24th President of Malaysian Bar Council
In office
March 2007 – March 2009
Deputy Mr. Ragunath Kesavan
Preceded by Mr. Yeo Yang Poh
Succeeded by Mr. Ragunath Kesavan
Chairman of Bersih 2.0
Assumed office
2011
Preceded by BERSIH 2007
Chairperson of Bar Council Orang Asli Committee
Assumed office
2010
Director of Securities Industry Dispute Resolution Centre
Assumed office
2011
Executive Committee of Women's Aid Organisation
Assumed office
2009
Personal details
Born 1956
Nationality Malaysian
Relations daughter of Dato' Dr G. Sreenevasan
Alma mater University of Exeter, England
(LLB Law, 1979) Member of the Honourable Society of Gray's Inn
Occupation Lawyer
International Women of Courage Award, 2009
Honorary Graduate of University of Exeter, 2011–12
Honorary Doctorate in Law (LLD) of University of Exeter, 2011
{{{blank5}}} Legion of Honour, 23 September 2011[2][3]

Dato' Ambiga Sreenevasan (born 1956) is a prominent Malaysian lawyer and human rights advocate, and is one of the eight recipients of the US International Women of Courage Award in 2009. She formerly served as the President of the Malaysian Bar Council from 2007 to 2009, and was former co-chairperson of Bersih, an NGO Coalition advocating for free and fair elections.

She currently serves on the executive committee of the Women's Aid Organisation and is involved in the Bar Council Special Committee on the Orang Asli (indigenous persons) rights. She is a Director of the Securities Industry Dispute Resolution Centre.
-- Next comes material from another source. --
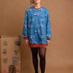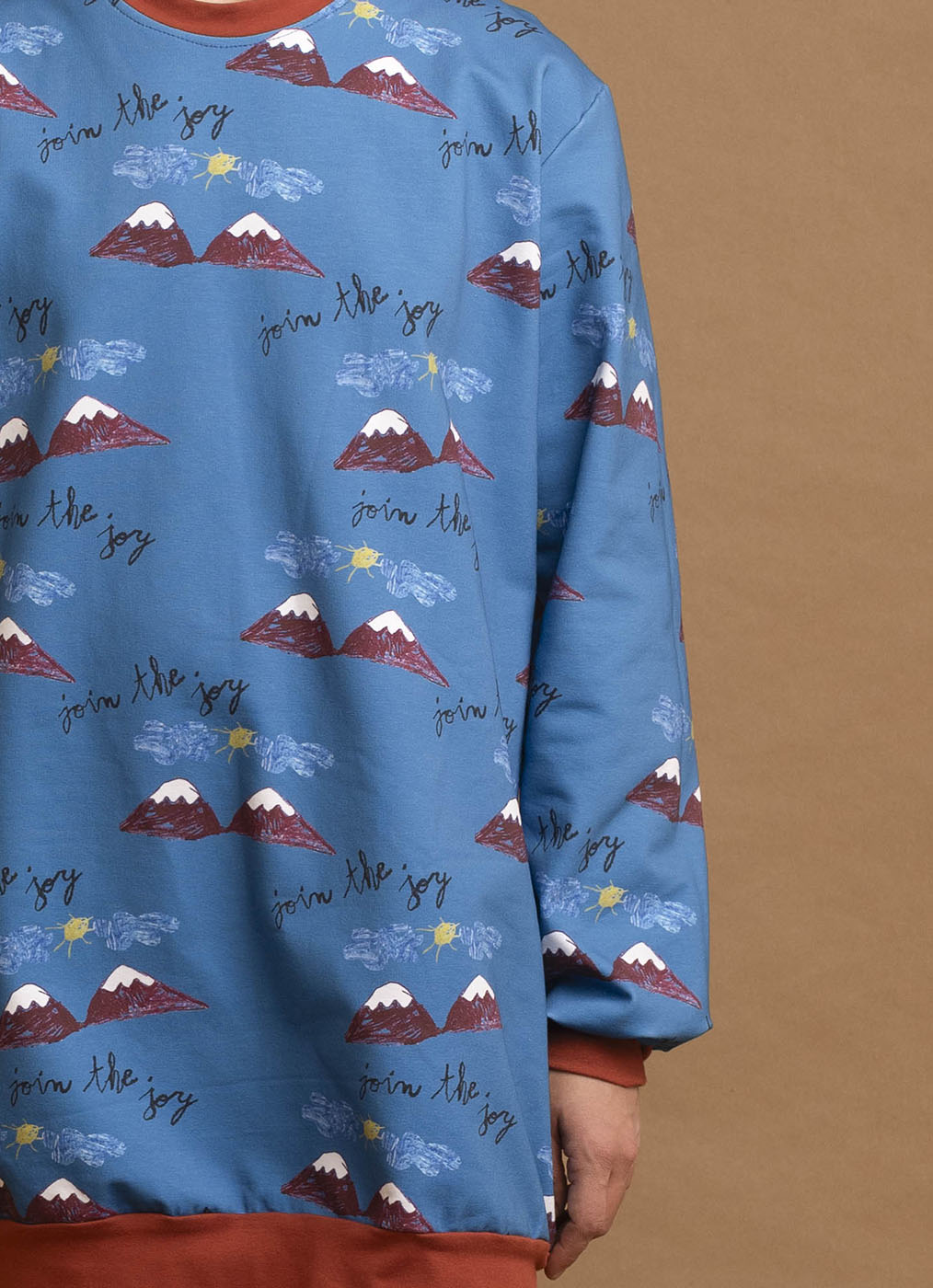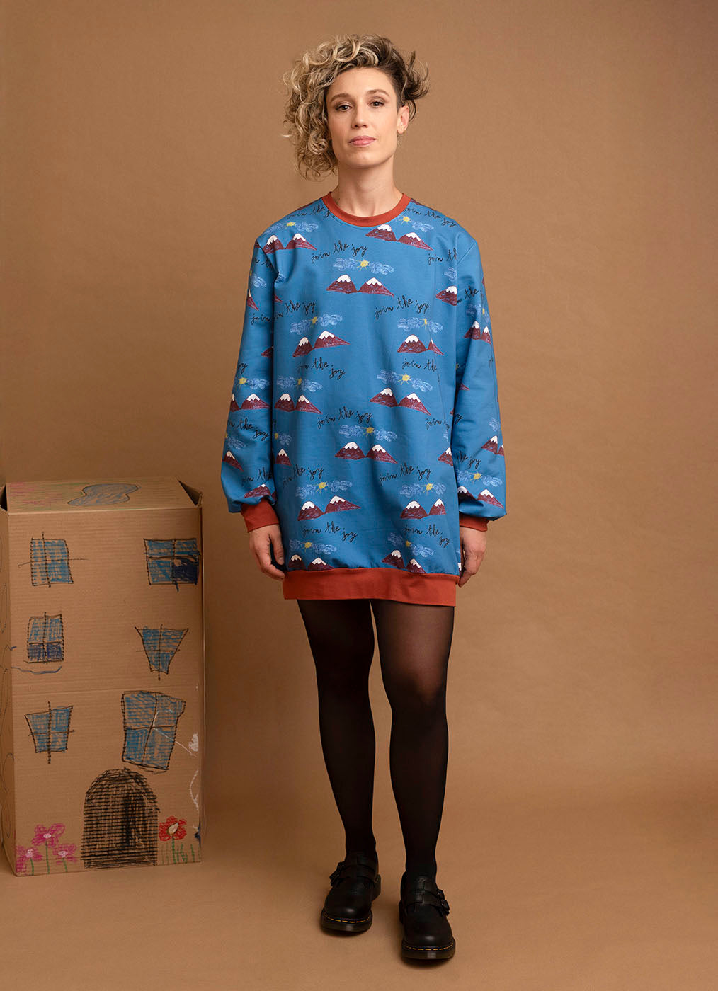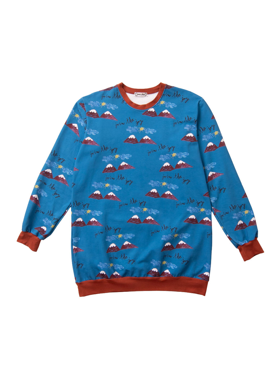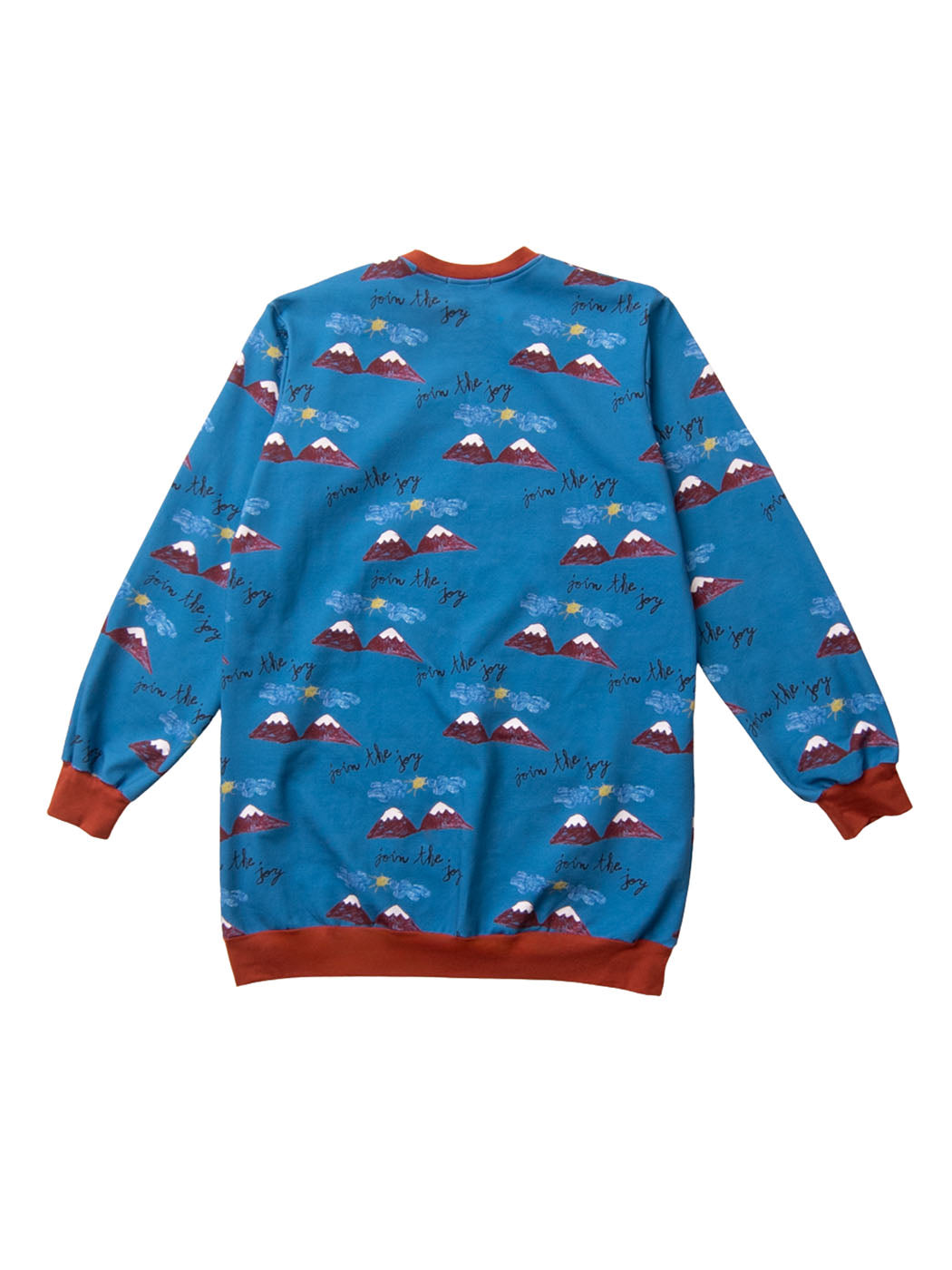 Este vestido sudadera azul con estampado de montañas y el mensaje Join the Joy es ideal para mujeres que buscan estilo y confort en la misma prenda. Hecho en algodón certificado Oeko-Tex, es perfecto para cualquier aventura.

She has been involved in the drafting and presenting of several papers and memoranda on issues relating to the rule of law, the judiciary, the administration of justice, legal aid, religious conversion and other human rights issues.

As former President of the Malaysian Bar she played a significant role in the establishing of a panel of eminent persons, together with LAWASIA, the International Bar Association's Human Rights Institute and Transparency International-Malaysia in the year 2008. This panel reviewed the judicial crisis of 1988 and issued a report which was the first of its kind, setting an important precedent for organisations to establish their own panel inquiring into abuses of power.[4]

Early life and education

During her high school days, Ambiga studied at Convent Bukit Nanas, Kuala Lumpur, where she also served as the Head Prefect in 1975. She graduated with a Bachelor of Laws (LLB) from the University of Exeter in 1979, and was called to the English Bar at Gray's Inn in 1980. After having worked in two London law firms, she was subsequently admitted to the Malaysian Bar in 1982.[5]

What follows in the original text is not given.